Our investigation demonstrated DLIR is effective in achieving a significantly higher FOM compared to ASiR-V, despite a 29% lower radiation dose. The possibility of sensibly lowering radiation exposure without sacrificing the diagnostic yield of a CT examination is strictly related to the specific clinical task [29, 30], and abdominal studies are typically quite sensible to radiation dose due to the intrinsic low contrast differences between different abdominal organs. In particular, a high image quality is mandatory in liver imaging in order to identify and adequately characterize liver lesions, especially small ones, whose evaluation might be compromised by modest radiation dose reduction not counterbalanced by iterative reconstruction algorithms [31]. In this regard, DLIR, already proven effective in maintaining noise texture and adequate low contrast liver lesion detectability at low-dose settings [32], might enable further dose optimization in abdominal CT with no detrimental impact on diagnostic performances [33].

Jensen et al demonstrated that DLIR applied to reduced-dose CT preserved detection of liver lesions larger than 0.5 cm when compared to standard-dose CT reconstructed with FBP, while the latter outperformed DLIR in detecting smaller lesions [20]. Our investigation transfers these results to iterative reconstruction, demonstrating similar performance between DLIR and ASiR-V in the detection of lesion larger than 0.5 cm. On the other hand, our findings demonstrated that DLIR outperformed ASiR-V in the detection of lesions smaller than 0.5 cm. These differences might be explained by differences in study design, since our investigation compared the two reconstruction algorithms in the same CT acquisition.

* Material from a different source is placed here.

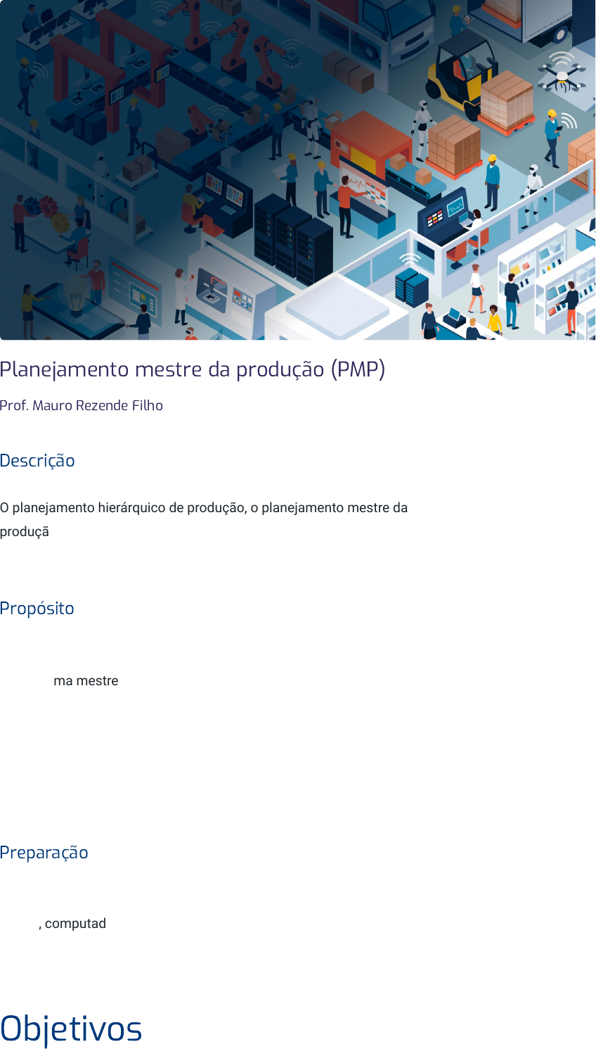 Planejamento mestre da produção (PMP) Prof. Mauro Rezende Filho Descrição O planejamento hierárquico de produção, o planejamento mestre da produção (PMP) e as políticas e restrições de produção e estoque no PMP. Propósito Conhecer o processo de planejamento mestre de produção (PMP) ou cronograma mestre de produção (MPS) é de extrema importância para o profissional, pois permite construir uma declaração dos planos produtivos da empresa. Com isso, é feito um contrato entre o departamento de vendas e o departamento de fabricação que equilibra oferta e demanda, definindo as quantidades necessárias para produzir e os prazos de produção. Preparação Antes de iniciar seus estudos, certifique-se de ter à sua disposição papel e lápis, computador com o software Excel, de modo que possa replicar o conteúdo e o exercício que serão apresentados. Objetivos Módulo 1 Planejamento hierárquico de produção Reconhecer o processo de planejamento hierárquico de produção. Módulo 2 De�nição do planejamento mestre da produção (PMP) Reconhecer o processo de planejamento mestre da produção (PMP). Módulo 3 Políticas e restrições de produção e estoque no PMP Identificar as políticas e restrições de produção e estoque no PMP. Introdução Para começar seus estudos, assista ao vídeo a seguir e conheça os aspectos fundamentais do planejamento mestre da produção. 1 - Planejamento hierárquico de produção Ao �nal deste módulo, você será capaz de reconhecer o processo de planejamento hierárquico de produção. Vamos começar! Reconhecendo o processo de planejamento hierárquico da produção Assista o vídeo a seguir e conheça alguns conceitos iniciais sobre o planejamento hierárquico da produção. Uma abordagem geral de desagregação No ambiente de produção, o planejamento operacional hierárquico é denominado “planejamento hierárquico da produção (HPP)”. Caracteriza-se pelo uso da metodologia de planejamento agregado, um processo que define os níveis de capacidade, produção, subcontratação, estoque, falta e até preço em determinado período. Seu objetivo é atender à demanda e maximizar os lucros. Assim, o processo de tomada de decisão é separado em intervalos de tempo e um responsável é designado para cada intervalo de tempo. No entanto, essa simplificação é afetada por fatores humanos, uma vez que os indivíduos não necessariamente tomam decisões estritamente racionais. Dependendo do contexto, eles fazem julgamentos tendenciosos na tentativa de encurtar o processo de tomada de decisão. O planejamento da produção pode ser definido simplesmente como a determinação das necessidades de capacidade de acordo com as estimativas da demanda e dos gargalos existentes. Uma visão mais detalhada propõe a divisão das decisões de produção em três dimensões: Planejamento de operações produtivas, relacionadas a previsões, localização e dimensionamento da planta, planejamento e projeto de produto, planejamento e projeto d l j Dentre essas três dimensões, a organização das operações produtivas e a direção e controle das operações produtivas são as que mais se relacionam com as definições de planejamento e programação da produção. No contexto do planejamento hierárquico da produção, a questão da estabilidade é uma abordagem de desagregação em dois níveis em ambiente de manufatura discreta. São elas: S&OP (Sales and Operation Planning – planejamento de vendas e operações) É aquele que determina os volumes das famílias por macroperíodos em vários planos correspondentes a itens acabados por macroperíodos. de processo, planejamento e projeto de planta e planejamento e projeto de trabalho. Organização das operações produtivas, intimamente associadas à programação das operações e logística. Gestão e controle das operações produtivas, que se relacionam com o estabelecimento de metas de qualidade e custos. MPS (mestre de produção) É aquele que é abordado com uma heurística simples para suavizar as quantidades de itens de produção dentro dos microperíodos. Conheça-os melhor a seguir. Planejamento de vendas e operações (S&OP) O planejamento de vendas e operações (Sales and Operation Planning - S&OP) é um processo para combinar melhor a oferta de um fabricante com a demanda, fazendo com que o departamento de vendas colabore com as operações para criar um plano de produção único. O objetivo mais amplo é alinhar as operações diárias com a estratégia corporativa. Comentário Na prática, outros departamentos intimamente envolvidos nos lados da demanda e oferta da equação normalmente participam do S&OP, incluindo marketing, compras, fabricação, transporte e finanças. O S&OP consiste em várias etapas, geralmente realizadas em reuniões mensais. Os nomes e números das etapas do processo de planejamento de cada empresa variam, mas todas têm o seguinte em comum, na ordem: Coleta de dados Coleta de previsões existentes e informações sobre variáveis- chave, como estoque, vendas recentes e dinheiro em caixa. Planejamento de demanda Processos para analisar, prever e influenciar a demanda, incluindo detecção de demanda e modelagem de demanda. Além de melhorar a precisão das previsões, o S&OP pode reduzir os custos de estoque, o que, por sua vez, pode aumentar o capital de giro ao comprometer menos dinheiro no estoque. O S&OP também pode aumentar a receita e a participação de mercado, melhorando a eficácia de novos produtos e iniciativas de marketing. Atenção! As melhores taxas de entrega no prazo possibilitadas pelo S&OP podem levar ao aumento da satisfação do cliente e aos benefícios adicionais que daí advêm, como vendas mais altas. Melhor visibilidade dos dados de vendas, marketing, operações e finanças é outro benefício divulgado pelos proponentes do S&OP. Além disso, o uso de software especializado de S&OP para automatizar o proc

Clinical implications of such findings indicate that DLIR can be safely implemented in routinely used clinical protocols in place of iterative reconstruction algorithms. On the contrary, particular attention should be paid to the design of dedicated low-dose DLIR CT protocols, since the benefits of a low dose burden might not be sustained by adequate diagnostic performance on the new algorithm in the detection of small liver lesions, making it unsuitable in clinical practice. Hence, large prospective trials should be performed in order to establish adequate and robust low-dose scan protocol clinically suitable for DLIR reconstruction.

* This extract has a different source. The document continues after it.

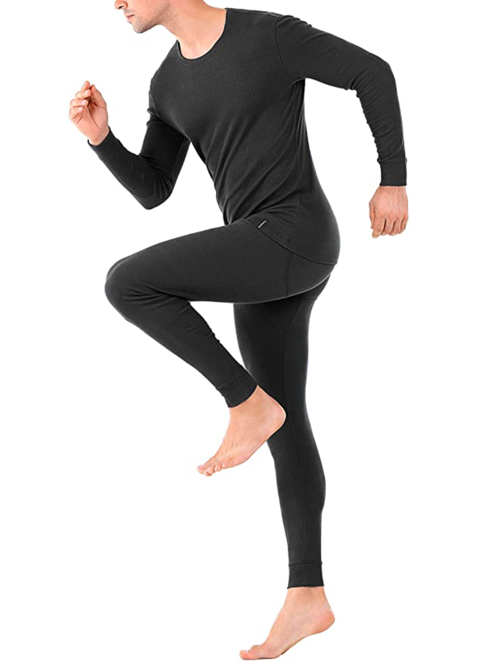 This thermal set comes with a top and bottoms that are sweat-wicking and lined with fleece for extra warmth. They make great base layers for outdoor winter activities, but can also be worn on their own. They're available in sizes small to XL.

Our investigation should be evaluated in light of some limitation. First, despite the study population was formed by oncologic patients, the characterization of liver lesions was based on clinical data and cross-sectional imaging examination; nevertheless, the creation of a consensus-based reference standard is robust and consistent with earlier examinations [20, 31]. Second, the sample size is relatively small and further studies with a larger number of participants are highly advisable to strengthen and expand upon our results. Third, this investigation analyzed the performances of a single vendor algorithm, specifically in liver parenchyma; therefore, our results might not be directly applicable to other vendors and in different body regions; investigations comparing the diagnostic performance of different DLIR algorithms might be indeed of great interest.

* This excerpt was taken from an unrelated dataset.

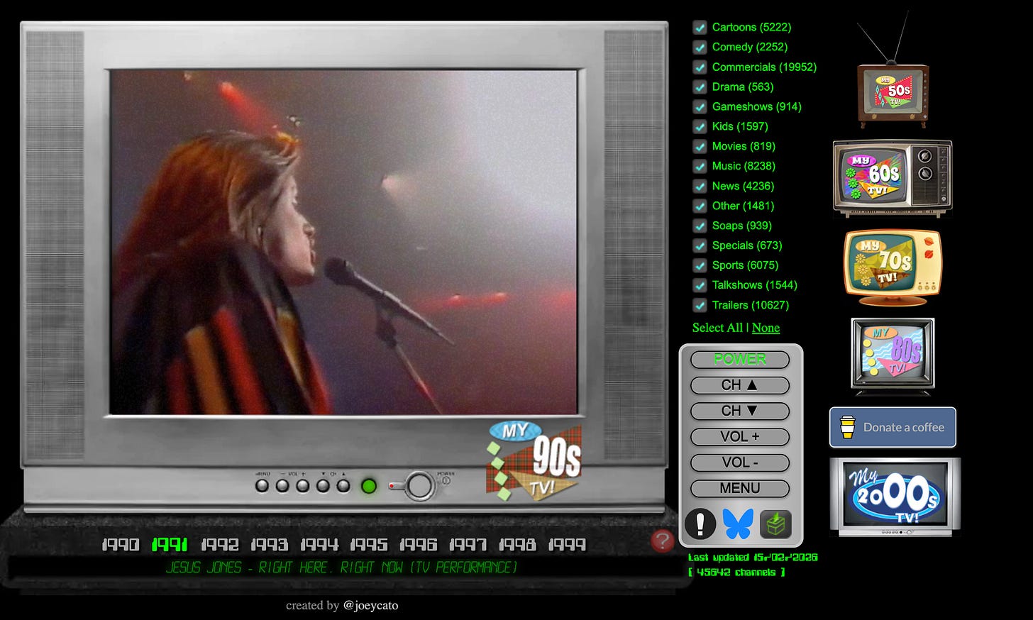 Forget the "Infinite Scroll." Sometimes you just want to sit on the floor and flip through channels in 1994. This site simulates vintage television sets from the 50s to the 00s, letting you watch exactly what was onscreen during those decades.

In conclusion, DLIR yields superior image quality and provides higher diagnostic accuracy compared to ASiR-V in the assessment of hypovascular liver lesions, in particular for lesions smaller than 0.5 cm. These higher diagnostic performances allow the design of low-dose acquisition protocols able to maintain current diagnostic accuracy with lower radiation burden. Nevertheless, further investigations are needed to establish appropriate radiation dose levels based on specific clinical tasks, avoiding detrimental effect of excessive dose reduction not compensated by DLIR denoising capabilities.